Make effort to remind yourself of where you want to go
My dog just won’t take her paw off my face in the morning. Not until I take her out properly. She’s just one of those tomboys that cannot do without running herself out. One of those dogs that will get the whole park to play with her and then want to chase deer on top and have a swim in the lake just to cool down for another round.
It was the same old thing just the other day. Trying to get some energy out of me to keep going I started wondering. “Is it really a good idea to spend more than an hour every morning running and doing everything that comes with it? I could use this time to get back on track with all the work that needs doing.”

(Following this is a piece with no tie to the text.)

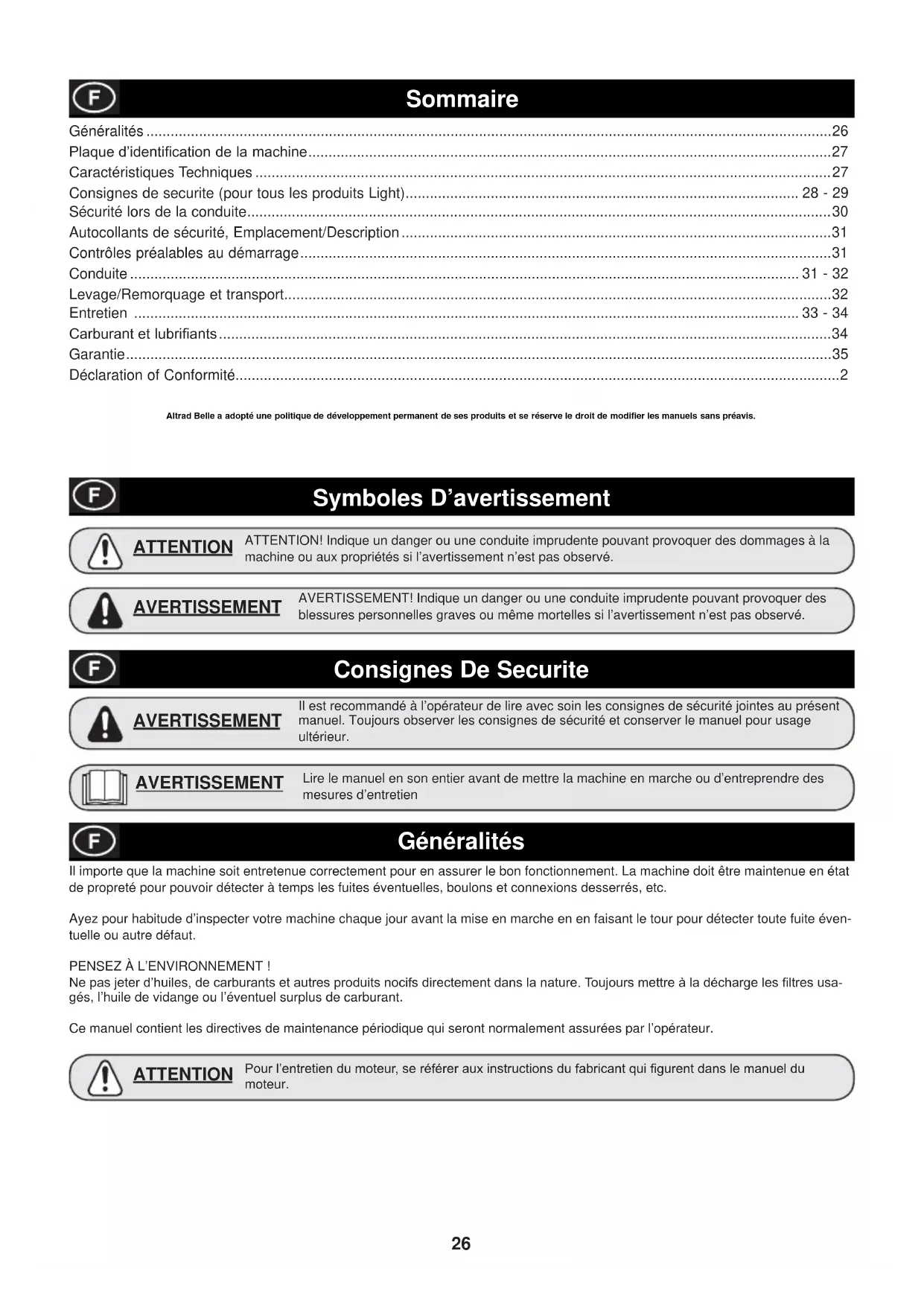 = 8.728 Consignes De Securite Symboles /HVLJQHGHVPRWV'$1*(5HW$77(17,21XWLOLVpVGDQVOHVFRQVLJQHVGHVpFXULWpRQWOHVGp¿QLWLRQVVXLYDQWHV Régles de sécurité importantes: ATTENTION! Indique un danger ou une conduite imprudente pouvant provoquer des dommages à la machine ou aux propriétés si l’avertissement n’est pas observé. ATTENTION AVERTISSEMENT! Indique un danger ou une conduite imprudente pouvant provoquer des blessures personnelles graves ou même mortelles si l’avertissement n’est pas observé. AVERTISSEMENT &HVUHFRPPDQGDWLRQVVRQWWLUpHVGHVQRUPHVLQWHUQDWLRQDOHVGHVpFXULWp 9RXVGHYH]DXVVLREVHUYHUOHVUqJOHVGHVpFXULWpORFDOHVHQYLJXHXU/LVH]DWWHQWLYHPHQWWRXWHVOHVLQVWUXFWLRQVDYDQWGHPHWWUH la machine en marche. Rangez les instructions dans un endroit protégé. 'HVSDQQHDX[HWDXWRFROODQWVLQGLTXDQWOHVFRQVLJQHVGHVpFXULWpLQSRUWDQWHVVRQWIRXUQLVDYHFFKDTXHPDFKLQH$VVXUH]YRXV qu’ils soient toujours lisibles. Les références pour commander de nouveaux autocollants se trou vent dans la liste des pièces de rechange. /¶XWLOLVDWLRQGHODPDFKLQHHWVHVDFFHVVRLUHVHVWOLPLWpHjO¶DSSOLFDWLRQVSpFL¿pHGDQVODGRFXPHQWDWLRQFRQFHUQDQWOHSURGXLW 3RXUGHVUDLVRQVGHVpFXULWpSURSUHVDXSURGXLWODPDFKLQHQHGRLWSDVrWUHPRGL¿pHHQDXFXQHPDQLqUH 5HPSODFHUOHVSLpFHVHQGRPPDJpHVLPPpGLDWHPHQW5HPSODFHUWRXWHVOHVSLqFHVG¶XVXUHjWHPSV Soyez attentif Prêter toujours attention à ce que vous faîtes, et utilisez votre bon sens. Ne pas utiliser une machine si vous êtes fatiqué ou sous O¶LQÀXHQFHGHPpGLFDPHQWVG¶DOFRRORXG¶DXWUHVVXEVWDQFHVTXLSHXYHQWDIIHFWHUYRWUHYLVLRQYRVUpDFWLRQVRXYRWUHMXJHPHQW Equipement de sécurité 5pJOHVGHVpFXULWpLPSRUWDQWHV/DPDFKLQHQHGRLWSDVrWUHPRGL¿pHVDQVO¶DXWRULVDWLRQ préalable du constructeur. N’utiliser que des pièces d’origine. N’utilisez que des accessoires UHFRPPDQGpVSDU%HOOH6LOHVPRGL¿FDWLRQVHIIHFWXpHVQHVRQWSDVDSSURXYpHVSDU%HOOH celles-ci pourraient entraîner des blessures sérieuses pour vous-même ou pour d’autres personnes. AVERTISSEMENT S’exposer longtemps à un bruit très fort sans protection pour les oreilles peut endommager votre ouîe. AVERTISSEMENT L’opérateur et autres personnes se trouvant dans ou à proximité de la zone de travail devront porter: FDVTXHV GHVOXQHWWHVSURWHFWULFHV SURWHFWLRQSRXUOHVRUHLOOHV PDVTXHjSRXVVLqUHHQDWPRVSKqUH SRXVVLHUHXVH GHVYrWHPHQWVGHVpFXULWp JDQWVGHSURWHFWLRQ FKDXVVXUHVGHVpFXULWp Evitez de porter des vêtements trop lâches qui pourraient être pris dans la machine. Si vous avez des cheveux longs, couvrez les. Les vibrations des machines à conducteur accompagnant sont transmises aux mains par l’intermédiaire du timon. Les machines Belle possèdent une conception de poignée qui absorbe une grande partie des vibrations émises par la machine. Les vibrations ne sont pas éliminées entièrement, mais la durée d’utilisation du matériel peut être prolongée sans risque de blessure. Aire de travail 1HSDVXWLOLVHUODPDFKLQHjSUR[LPLWpGHPDWLpUHVLQÀDPPDEOHVRXGDQVGHVHQYLURQQHPHQWVH[SORVLIV'HVpWLQFHOOHVSHXYHQWrWUH pPLVHVSDUODFRQGXLWHG¶pFKDSSHPHQWHWFUpHUO¶LQFHQGLHDX[PDWLqUHVLQÀDPPDEOHV/RUVG¶XQDUUrWWHPSRUDLUHRXDSUqVDYRLU¿QL GHWUDYDLOOHODPDFKLQHQHGRLWSDVVWDWLRQQHUSUqVGHPDWLqUHVLQÀDPPDEOHV/DFRQGXLWHG¶pFKDSSHPHQWFKDXGHSHXWrWUHjO¶RULJLQH d’un incendie. Assurez-vous qu’il n’y ait pas de personnes à l’intérieur de l’aire de travail quand la machine fonctionne. Maintenez l’aire de travail propre et libre d’objets encombrants. Stocker la machine dans un endroit sûr, hors de portée des enfants, et de préférence dans un endroit fermé à clé. Une exposition prolongée aux vibrations risque de provoquer des lésions au niveau des mains, des doigts ou des poignets. Ne pas utiliser la machine si vous êtes géné. Consulter un médecin avant de reprendre le travail avec la machine. AVERTISSEMENT29 N’utilisez la machine que pour l’usage pour lequel elle a été conque. Sachez comment arrêter la machine en cas d’urgence. Remplissage carburant (Essence/diesel) Lors du remplissage, éloignez vous de tout objet qui peut être chaud ou émettre des étincelles. Attendre que la machine refroidisse avant de remplir le réservoir. Remplir le réservoir à 3 m au moins de l’endroit où l’on compte utiliser la machine pour éviter tout risque d’incendie. Eviter de répandre au sol l’essence, le gasoil ou l’huile. Protéger vos mains contre le contact avec l’essence, le gasoil ou O¶KXLOH2XYULUOHERXFKRQGXUpVHUYRLUOHQWHPHQWD¿QGHUHOkFKHUODSUHVVLRQHYHQWXHOOHjO¶LQWpULHXUGHFHOXLFL1HSDVWURSUHPSOLUOH réservoir. Inspecter régulierément la machine pour déceler les fuiteséventuelles. Ne pas utiliser une machine qui présente des fuites de carburant. Mise en marche WRXWHVOHVSRLJQpHVQHFRPSRUWHQWSDVGHJUDLVVHG¶KXLOHRXG¶LPSXUHWpV ODPDFKLQHQHSUpVHQWHSDVGHGpIDXWpYLGHQW WRXVOHVGLVSRVLWLIVGHVpFXULWpVRLHQWRSpUDWLRQQHOV WRXVOHVOHYLHUVGHFRPPDQGHVRLHQWHQSRVLWLRQQHXWUH Démarrer la machine selon les instructions données dans le manuel d’utilisation. Fonctionnement Ne toucher ni le moteur, ni la conduite d’échappement ni l’élément exentrique de la machine. Ces organes deviennent très chauds pendant le fonctionnement et peuvent causer des brûlures ou des blessures. Ne pas toucher les courroies ni les parties tournantes pendant le fonctionnement. Stationnement Stationner la machine sur un terrain aussi plat et ferme que possible. Avant de laisser la machine: PHWWUHOHIUHLQjPDLQ DUUrWHUOHPRWHXUHWHQOHYHUODFOpGHFRQWDFW Chargement / déchargement /HSRLQWG¶LQÀDPPDWLRQGHO¶HVVHQFHHVWH[WUqPHPHQWEDVHWSHXWrWUHH[SORVLIGDQVFHUWDLQHV situations. Ne pas fumer. Assurer vous que l’aire de travail est bien aéré. AVERTISSEMENT Eloignez vos pieds de la machine AVERTISSEMENT La machine ne doit pas fonctionner dans des endroits mal aérés. Il y a risque de dégagement de monoxyde de carbone. AVERTISSEMENT Faire toujours attention en conduisant la machine sur des pentes. Lorsque l’on travaille sur des pentes ou sur terrain irreguiler, le conducteur de

So, how can a moment like this have anything to do with focusing on where you want to go in life?
It’s in the everyday.
Every day we bury ourselves into routines. We wake up in the morning, do our emails, do our meetings and do whatever we think needs to be done to get us to the next day. We tend to think that what we are doing tends to get us closer to where we want to end up in life.
The less we see things outside our immediate routine, the less we see the big picture, the more lost we get.
As that happens we think we are following the life path that we set ourselves, but we don’t test that, we don’t doubt and challenge it. It becomes a subconscious programmed assumption, so we just stick to it — no questions asked. “It must be good long-term if it’s what needs to be done today.”
As we tick off daily tasks we feel good about ourselves and go to bed with a sense of accomplishment. We tend not to doubt in the added value of what we have done — the added value for ourselves; our lives.
Our minds get clogged up with daily routine. We overload our brain with logical functions and useless tracking of what is pending and what was done. But our brain can only take so much. And as we overload it with meaningless and aimless stuff, it loses capacity for overall perception. Focus and creativity are impaired.
We start losing discernment of what in fact is important. The big picture becomes narrower and narrower as we go along. From day to day our blind spot of where we want to go gets bigger. It’s like digging a hole and seeing less and less of what is outside. And that continues until we end up doing something that makes no sense at all and we don’t even realise it.
Our worlds become small automated environments and we lose sight of who we are, what we want and how we really want to live.
At times like this you either need something or someone to clear the fog in your mind. You need to empty the mental and emotional space for it to be filled with creativity and purpose. You need to reboot. This recalibration can come in many forms. But we don’t have to wait for big things to set us straight. We don’t have to wait for things to happen. We can as well make them happen.
It can be as little as taking a run with your dog and freeing your mind from everyday routine. Dogs live in the moment and that’s what they are willing to teach us. But we need to let them.
Take a moment for yourself, free from everyday distractions, and just ask yourself where you want to go. It can be as simple or as hard as that. You are the one who decides.
As far as my focus goes, my dog never failed to remind me of where I want to take my life.
That’s why I don’t lead my dog, she leads me.